Friday, June 11, 2010

The Satan Bug (published in 1970) - By Alistair Maclean - A thriller about a deathly toxin stolen and used for murder

Alistair MacLean is a Scottish writer who specialized in writing thrillers and crime stories. He was third son of a Scottish minister and joined the Royal Navy during the world war two. He was a senior torpedo operator at the height of his career. He was in the thick of the war theater during the world war and saw action on many fronts especially the arctic north. After retiring he started penning his novels based on the war he saw and many of them became best sellers. Maclean never looked back as a writer until his death in 1987.
The Satan Bug is written under the pseudonym Ian Stuart.

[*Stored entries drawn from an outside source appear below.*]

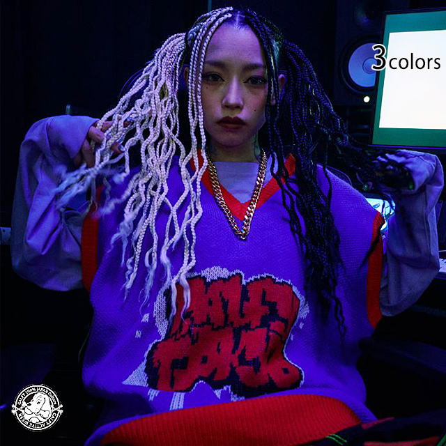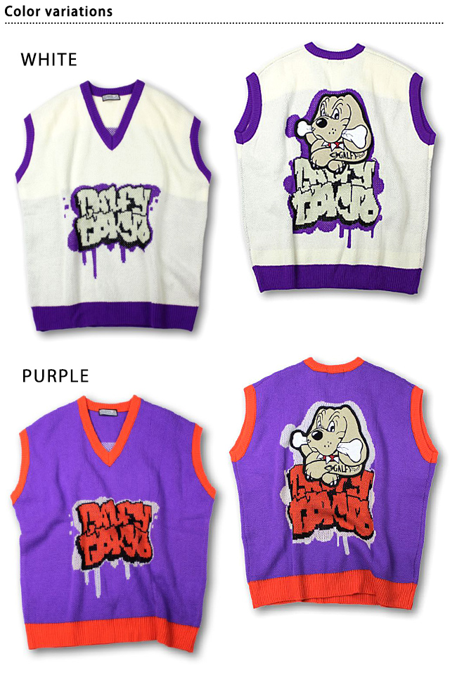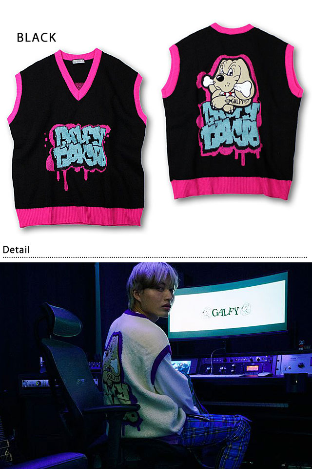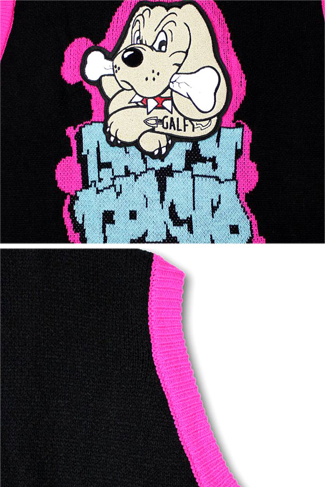 ストリートエッセンスを柔軟に捉え、都会的かつアクティブな提案を展開していく「GALFY」さんから「わんわん落書きニットチョッキ(131008)」のご紹介です。
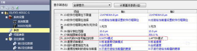 接下來將通過一個簡單編程實例來展示一下M代碼的使用方法。 首先需要說明的是,在簡易運動控制模塊的參數里,可以看到一個Pr.18的參數與M代碼相關。這個參數是“M代碼ON信號輸出時機,并可以看到有“WITH模式“AFTER模式兩個選項。
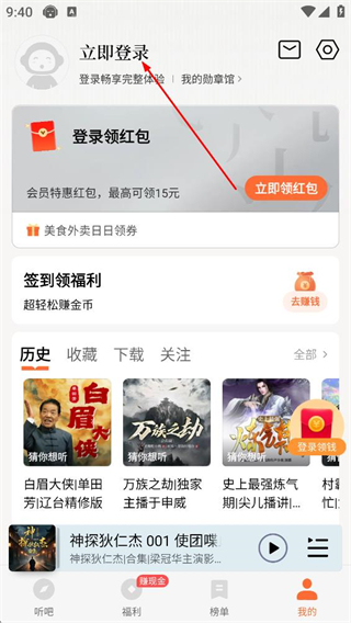 2、在我的頁(yè)面,點(diǎn)擊上方的立即登錄選項(xiàng),進(jìn)入登錄選擇界面。
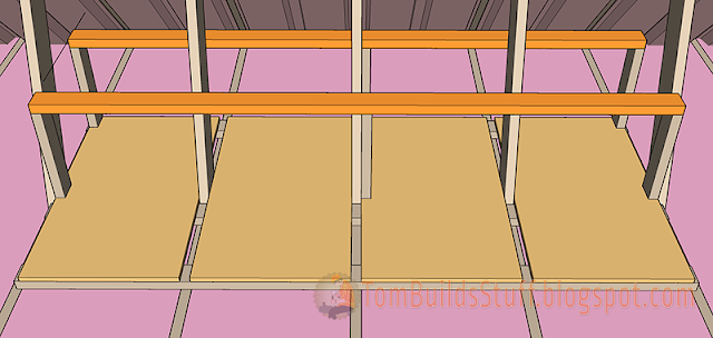 Next bring up your precut bottom shelves and slip them in between the purlin supports as snown.
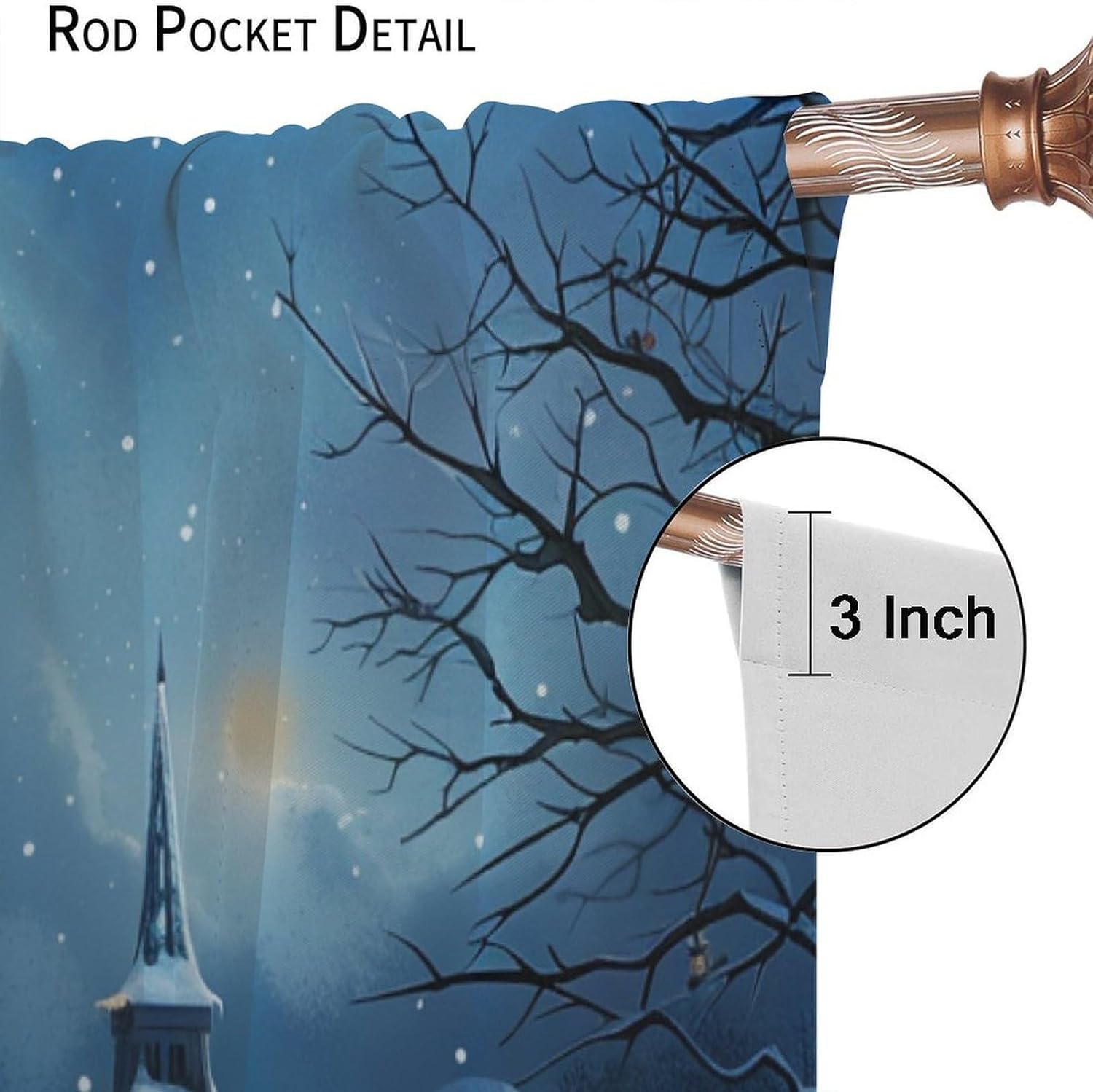 Christmas Tree Town Cabin Blackout Curtains for Bedroom Living Room, Winter Snow House Curtains Rod Pocket Thermal Insulated Window Drapes, 2 Panels/Each 21" W x 63" L
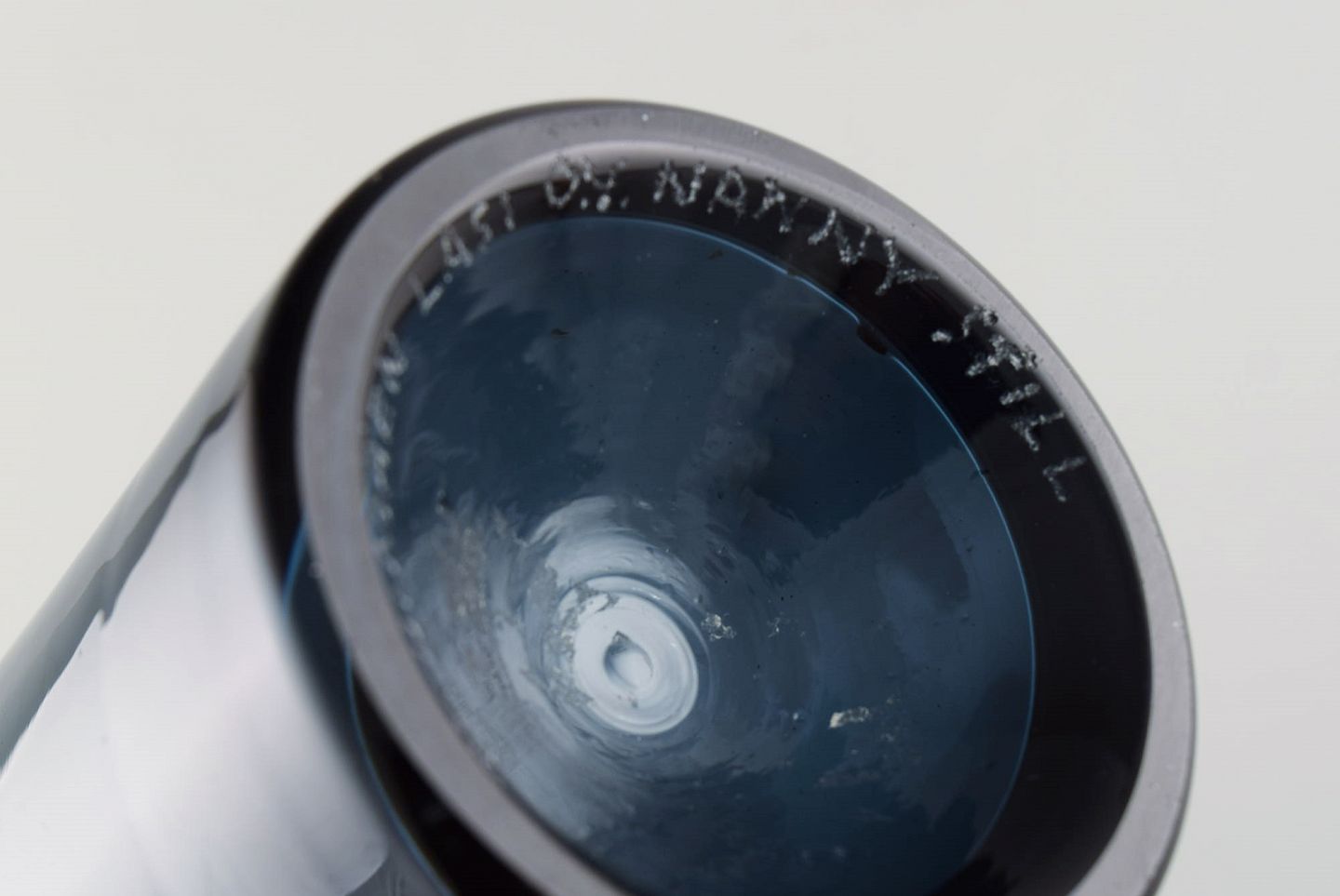 Nanny Still for Riihimäen Lasi. Dekorationsflaske / vase i mundblæst kunstglas. Finsk design, 1960/70'erne. Måler: 32 x 6 cm. I flot stand. Signeret.
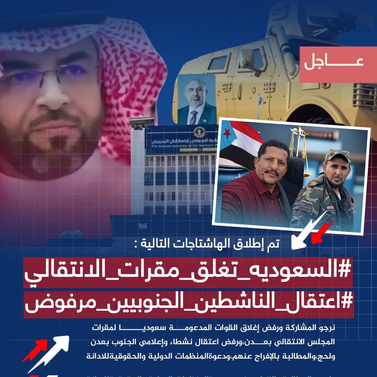أطلق مغردون جنوبيون اليوم الأحد، هاشتاجي السعودية تغلق مقرات الانتقالي، واعتقال الناشطين الجنوبيين مرفوض، تنديدا بإغلاق القوات المدعومة سعوديا لمواقع المجلس الانتقالي الجنوبي في العاصمة عدن، ورفض اعتقال نشطاء وإعلامي الجنوب.

Alistair Maclean is said to have opted for another name to prove that his books are best sellers on account of their content rather than on his popularity. Some say that he took upon the name to counter Ian Flemming and his James Bond.
The Satan Bug deals with the perils off biological warfare. The chief detective Pierre Cavell is called upon to investigate the gruesome murders in Mordon Microbiological Research Institute. He reaches there to find two deathly toxins, a Botulinium extract and the Satan bug missing. The Satan Bug is a lab derivative of the deadly polio virus which can bring mankind to extinction, in a matter of minutes and to top it all no vaccine has been discovered for it.
Cavell finds all the scientists and the research assistants could be viewed under an umbrella of suspicion. Everybody was involved in one way or the other to force the entry in to the lab. The chief security officer who was murdered was fed a candy with the virus by an insider. Cavell chips away the layers of deceptions and alibi's and concludes that most of the scientists who had colluded with the murderer had been coerced by blackmail.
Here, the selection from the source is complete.